Address Breakdown (set-associative):
Offset bits = log₂(block size in bytes)
Index bits = log₂(number of sets)
Tag bits = Address bits − Index bits − Offset bits

Effective Address (Base + Offset):
EA = Base Register + Displacement

Two’s Complement Negation:
−X = Invert all bits + 1

7. Common Mistakes Students Make in COA

  1. Confusing Architecture with Organisation
    Students often use these interchangeably. Architecture = the programmer’s view (ISA, instruction formats). Organisation = how the hardware implements that view (control signals, bus widths, clock logic). GATE questions sometimes test this distinction directly.
  2. Forgetting the fill time in pipeline speedup
    The formula for pipeline speedup is (n × k) / (k + n − 1), not n / k. The (k − 1) in the denominator accounts for the cycles spent filling the pipeline before it reaches steady state. On small-n problems, this makes a significant difference.
  3. Mixing up AMAT for read vs write operations
    AMAT = Hit time + (Miss rate × Miss penalty) applies to reads. Writes depend on the write policy (write-through vs write-back) and whether a write buffer is present. Always check whether the question specifies a write-through or write-back cache.
  4. Miscounting address bits for cache mapping
    A very common GATE mistake: students add index + offset + tag and get more or fewer bits than the physical address width. Always verify: Tag + Index + Offset = Total address bits. If it does not add up, re-examine the cache parameters.
  5. Treating DMA as “CPU-free” — it is not
    DMA does transfer data without CPU involvement cycle-by-cycle, but the CPU still initiates the transfer, handles the completion interrupt, and shares the memory bus with the DMA controller (cycle stealing).
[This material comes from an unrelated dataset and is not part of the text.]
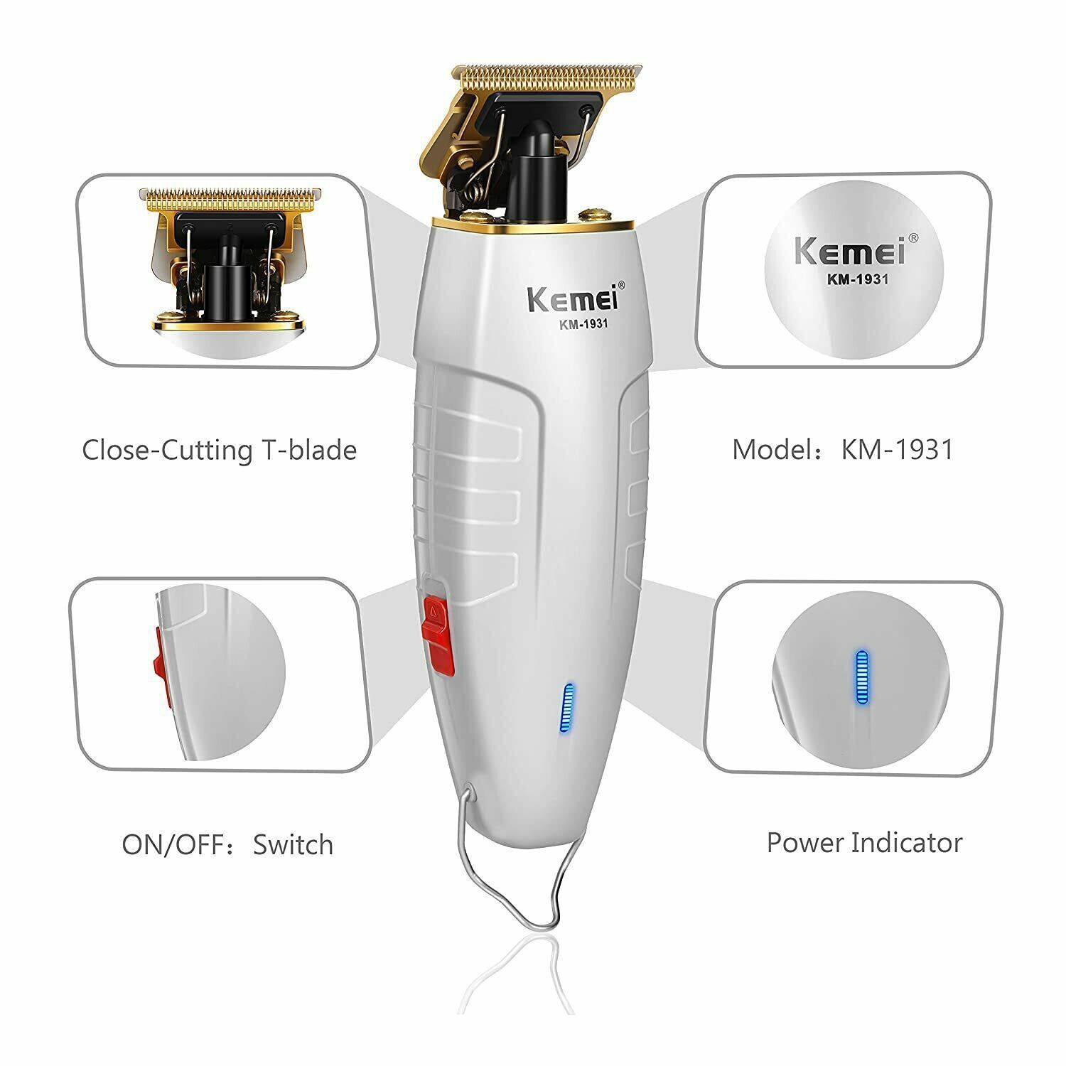 Hair Trimmer Baldheaded Hair Beard Clipper Cordless Grooming Kits KM-1931 About this item Professional Precision; Kemei 1931 is a T outline clipper with smooth, sharp and precise performance.It's perfect for trimming,all-around outlining,dry-shaving and fading with cordless freedom and convenience. Titanium T Blade: The blade is made of high-carbon steel,which stay sharp for comfortable trimming.This hair clipper can be zero-gapped,and it's designed for detailing and fine line trimming. Large-Capacity Lithium Battery: Built-in 2000mAh rechargeable Li-ion battery delivers over 100 minutes of nonstop run time after charging 2.5 hours.The LED light will indicate battery power levels. Portable and Convenient: USB charge and Cord/Cordless operation features is more convinient.It can be connected to USB-powered devices such as adapters,computers,car chargers,mobile power supplies,etc. Accessories Included: For your more convenient use,KM-1931 is equipped with all the accessories needed by professional barbers:1 trimmer,1 lubricating oil,1 cleaning brush,1 comb,1 USB cable,5 limit guards (1mm,2mm,3mm,4mm Product Description Kemei-1931 is a professional 0mm hair clipper/beard trimmer with smooth, sharp and precise performance. No doubt it works well on balding and fading with a self-sharpening high carbon steel titanium blade. It’s a good choice for you! Kemei Professional 0mm Hair trimmer: *Compact body *High carbon steel titanium blade *Long battery life *Indicator light (alert you when the battery is low) *USB charging (faster and more convenient to charge) *Easy to carry, suitable for travel *Suitable for hair cutting, beard trimming, fading and engraving What's in the box 1 * Kemei-1931 Hair Clipper 5* Limit Combs (1mm, 2mm, 3mm, 4mm 1 * Cleaning Brush 1 * USB Charging Cable 1 * Instruction High carbon steel titanium blade Equipped with a self-sharpening high carbon steel titanium blade, zero distance cutting is possible. It is a perfect tool for trimming edges, sculpting, and balding USB quick charging USB charging is more convenient, charging for 2.5 hours and using for 180 minutes.The indicator light is red when the battery is low and blue when it is fully charged Powerful motor Adopt high speed professional motor, strong power, low noise. You can trim various hairstyles easily, non-stick hair, non hair-card Hair cutting tools Easy to use, simple. Choose the right limit comb, you can easily cut hair for yourself or family members, suitable for the elderly, children, women and men Beard trimming tools Used in conjunction with the different limit comb, it can be used to control the length of the beard, so that the beard length is the same, is the perfect tool for beard maintenance DIY design tools Can cut a clear outline, you can easily carve out your favorite hair styles, very suitable for barbers and beginners to use. You will enjoy it! On Jul 6, 2025 at 20:48:30 PDT, seller added the following information:

Questions on DMA transfer time often catch students who assume zero CPU overhead.

8. Frequently Asked Questions

What is the difference between computer organisation and computer architecture?

Computer Architecture is the programmer-visible specification — instruction set, data types, addressing modes, and the register model. Computer Organisation is how the hardware actually implements that specification — control unit design, bus timing, ALU structure, and memory interface. Think of architecture as the API and organisation as the implementation behind it.
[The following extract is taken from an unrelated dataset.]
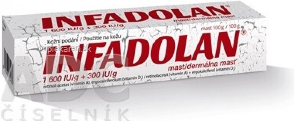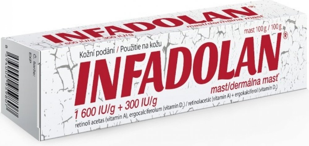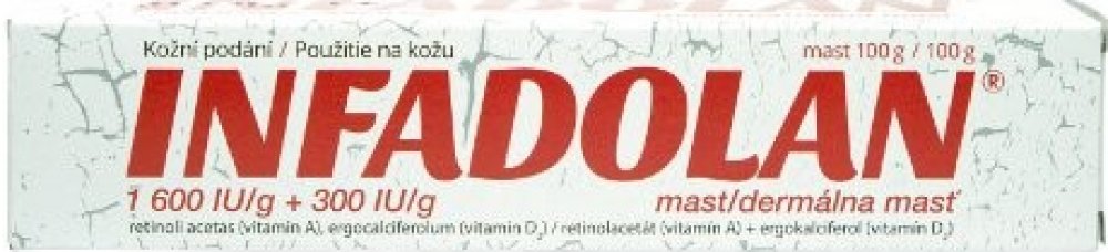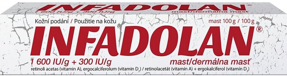 Infadolan je mast pro zevní použití obsahující vitamin A a vitamin D2 v bezvodém masťovém základu, vhodná k urychlení hojení a obnovy pokožky na post...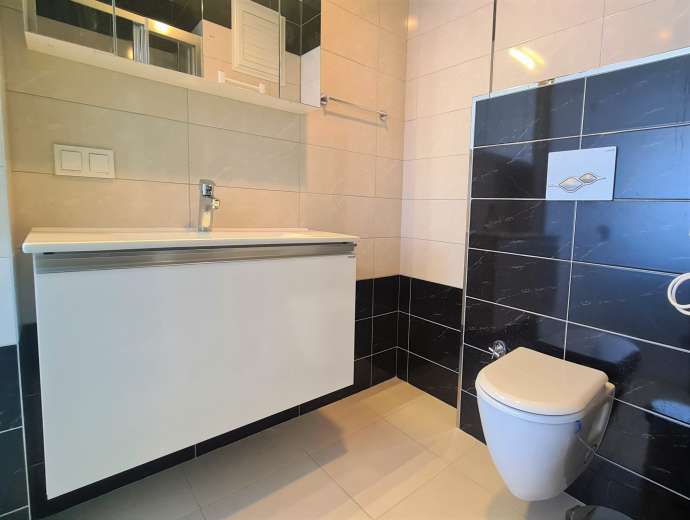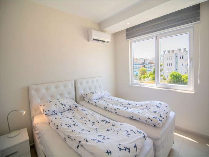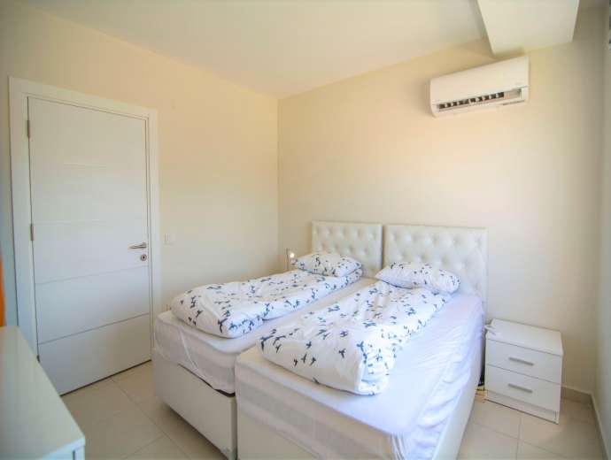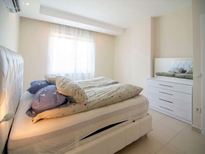 Lägeneheten har två sovrum, den ena med dubbelsäng och den andra med två enkelsängar. Det ena sovrummet har en-suite badrum. Ytterligare ett gemensamt badrum i hallen. Säljes fullt möblerad med vitvaror och A/C i alla rum.

How many marks does Computer Organisation carry in GATE CS?

COA typically accounts for 4–6 marks in GATE CS. Pipelining numericals and cache calculations are the most reliable mark-earners, appearing in almost every paper. The remaining marks come from memory organisation, I/O, and ISA questions, which rotate in frequency year to year.

Which COA topic should I prioritise for GATE?

Pipelining and Cache Memory are the two highest-yield topics — together they usually account for 4–5 of the 4–6 available marks. Master those two first. Then cover Memory Hierarchy for 1–2 additional easy marks. Treat ISA, I/O, and ALU as secondary topics to fill in later.

Is Computer Organisation difficult for GATE CS preparation?

COA is one of the more calculation-heavy subjects in GATE CS, but the calculations are structured and formulaic once you understand the underlying model. Students who struggle with COA usually have a conceptual gap — they memorise formulas without understanding what cache sets, pipeline stages, or DMA controllers actually do. Fix the concept first, and the numericals become straightforward.